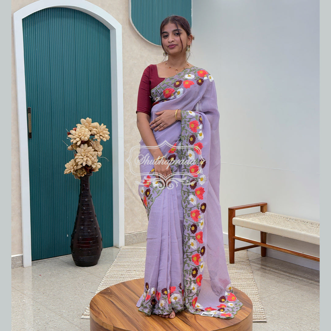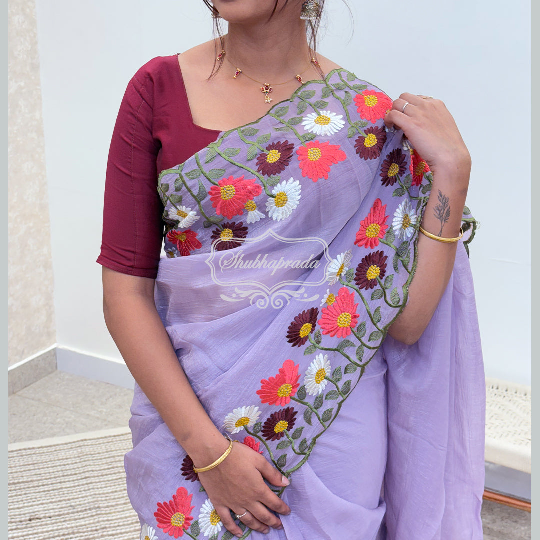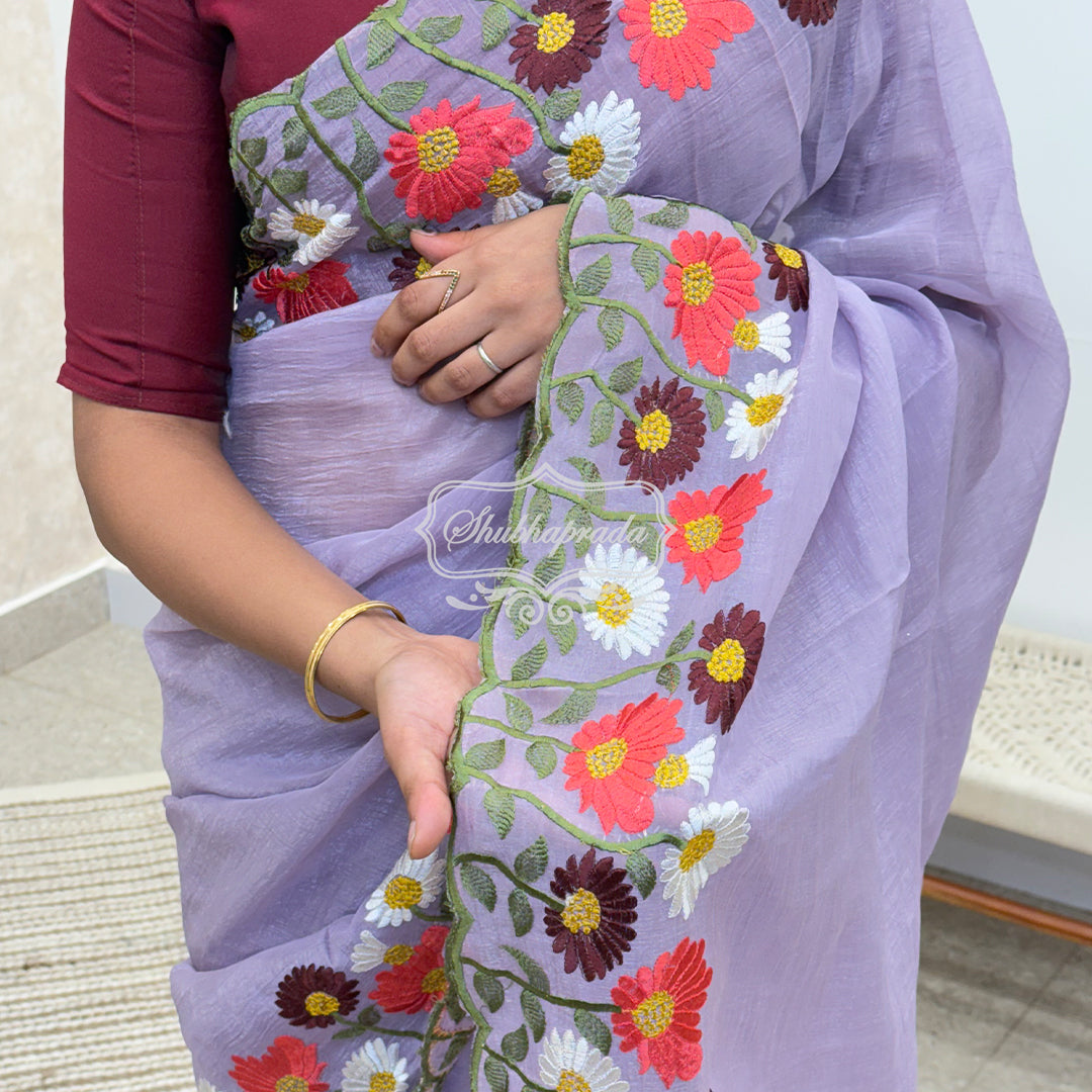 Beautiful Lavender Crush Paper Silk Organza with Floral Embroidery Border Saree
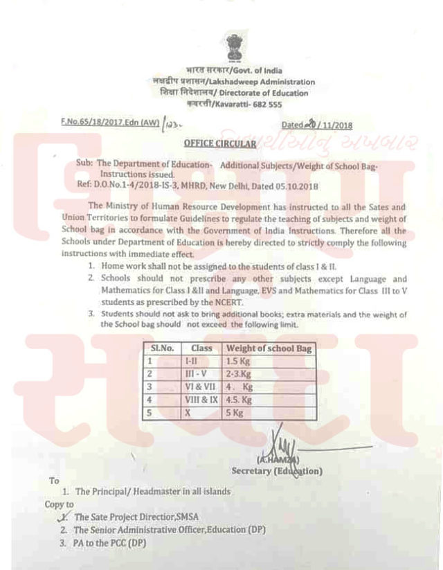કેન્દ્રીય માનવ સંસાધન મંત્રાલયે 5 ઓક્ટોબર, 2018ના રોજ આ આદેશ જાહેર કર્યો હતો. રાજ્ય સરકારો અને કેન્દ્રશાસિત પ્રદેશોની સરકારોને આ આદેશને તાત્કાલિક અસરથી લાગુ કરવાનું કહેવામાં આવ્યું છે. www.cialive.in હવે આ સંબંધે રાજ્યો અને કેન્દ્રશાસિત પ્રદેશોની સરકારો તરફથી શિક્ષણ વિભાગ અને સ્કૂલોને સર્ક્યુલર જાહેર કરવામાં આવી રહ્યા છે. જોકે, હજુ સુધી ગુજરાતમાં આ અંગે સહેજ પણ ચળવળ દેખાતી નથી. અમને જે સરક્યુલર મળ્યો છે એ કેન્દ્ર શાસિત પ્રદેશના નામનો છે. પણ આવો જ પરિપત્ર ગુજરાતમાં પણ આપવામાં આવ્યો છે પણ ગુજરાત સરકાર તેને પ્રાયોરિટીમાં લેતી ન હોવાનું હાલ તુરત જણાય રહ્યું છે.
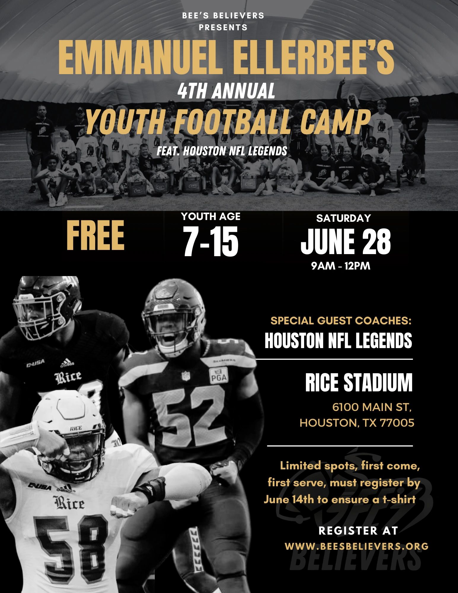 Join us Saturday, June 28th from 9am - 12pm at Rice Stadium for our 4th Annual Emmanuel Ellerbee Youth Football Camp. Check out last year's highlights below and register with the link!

Instructions to follow: Keep every word of the material exactly as given. Drop the pictures.

Result:
 Beautiful Lavender Crush Paper Silk Organza with Floral Embroidery Border Saree
કેન્દ્રીય માનવ સંસાધન મંત્રાલયે 5 ઓક્ટોબર, 2018ના રોજ આ આદેશ જાહેર કર્યો હતો. રાજ્ય સરકારો અને કેન્દ્રશાસિત પ્રદેશોની સરકારોને આ આદેશને તાત્કાલિક અસરથી લાગુ કરવાનું કહેવામાં આવ્યું છે. www.cialive.in હવે આ સંબંધે રાજ્યો અને કેન્દ્રશાસિત પ્રદેશોની સરકારો તરફથી શિક્ષણ વિભાગ અને સ્કૂલોને સર્ક્યુલર જાહેર કરવામાં આવી રહ્યા છે. જોકે, હજુ સુધી ગુજરાતમાં આ અંગે સહેજ પણ ચળવળ દેખાતી નથી. અમને જે સરક્યુલર મળ્યો છે એ કેન્દ્ર શાસિત પ્રદેશના નામનો છે. પણ આવો જ પરિપત્ર ગુજરાતમાં પણ આપવામાં આવ્યો છે પણ ગુજરાત સરકાર તેને પ્રાયોરિટીમાં લેતી ન હોવાનું હાલ તુરત જણાય રહ્યું છે.
 Join us Saturday, June 28th from 9am - 12pm at Rice Stadium for our 4th Annual Emmanuel Ellerbee Youth Football Camp. Check out last year's highlights below and register with the link!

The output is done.